RECORDED INFORMATION:
———

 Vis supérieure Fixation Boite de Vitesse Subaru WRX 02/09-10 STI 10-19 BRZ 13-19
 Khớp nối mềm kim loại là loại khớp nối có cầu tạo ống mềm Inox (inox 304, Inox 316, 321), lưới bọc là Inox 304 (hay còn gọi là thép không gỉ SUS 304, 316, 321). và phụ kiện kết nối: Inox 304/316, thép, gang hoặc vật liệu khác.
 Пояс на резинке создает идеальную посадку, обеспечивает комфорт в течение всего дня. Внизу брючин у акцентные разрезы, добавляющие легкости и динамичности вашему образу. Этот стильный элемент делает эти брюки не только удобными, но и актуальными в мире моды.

———

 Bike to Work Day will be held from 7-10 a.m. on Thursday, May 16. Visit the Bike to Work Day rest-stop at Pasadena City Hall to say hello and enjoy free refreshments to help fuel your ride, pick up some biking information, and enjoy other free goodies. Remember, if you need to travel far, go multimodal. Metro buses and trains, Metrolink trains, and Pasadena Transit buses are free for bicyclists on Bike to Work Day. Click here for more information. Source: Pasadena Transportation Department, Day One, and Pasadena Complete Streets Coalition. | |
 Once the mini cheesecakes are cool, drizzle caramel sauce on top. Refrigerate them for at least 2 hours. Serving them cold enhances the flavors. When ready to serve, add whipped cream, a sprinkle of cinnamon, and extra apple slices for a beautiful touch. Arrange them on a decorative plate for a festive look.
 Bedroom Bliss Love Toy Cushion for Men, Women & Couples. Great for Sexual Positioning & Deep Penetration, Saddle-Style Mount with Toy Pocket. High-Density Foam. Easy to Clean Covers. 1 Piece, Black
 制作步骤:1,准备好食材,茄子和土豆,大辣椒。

———

TRY IT:
Reproduce the entries above exactly, but only the lines between the line holding "Bedroom Bliss Love" and the line holding "制作步骤:1,准备好食材,茄子和土豆,大辣椒。", inclusive.

ANSWER BOX:
 Bedroom Bliss Love Toy Cushion for Men, Women & Couples. Great for Sexual Positioning & Deep Penetration, Saddle-Style Mount with Toy Pocket. High-Density Foam. Easy to Clean Covers. 1 Piece, Black
 制作步骤:1,准备好食材,茄子和土豆,大辣椒。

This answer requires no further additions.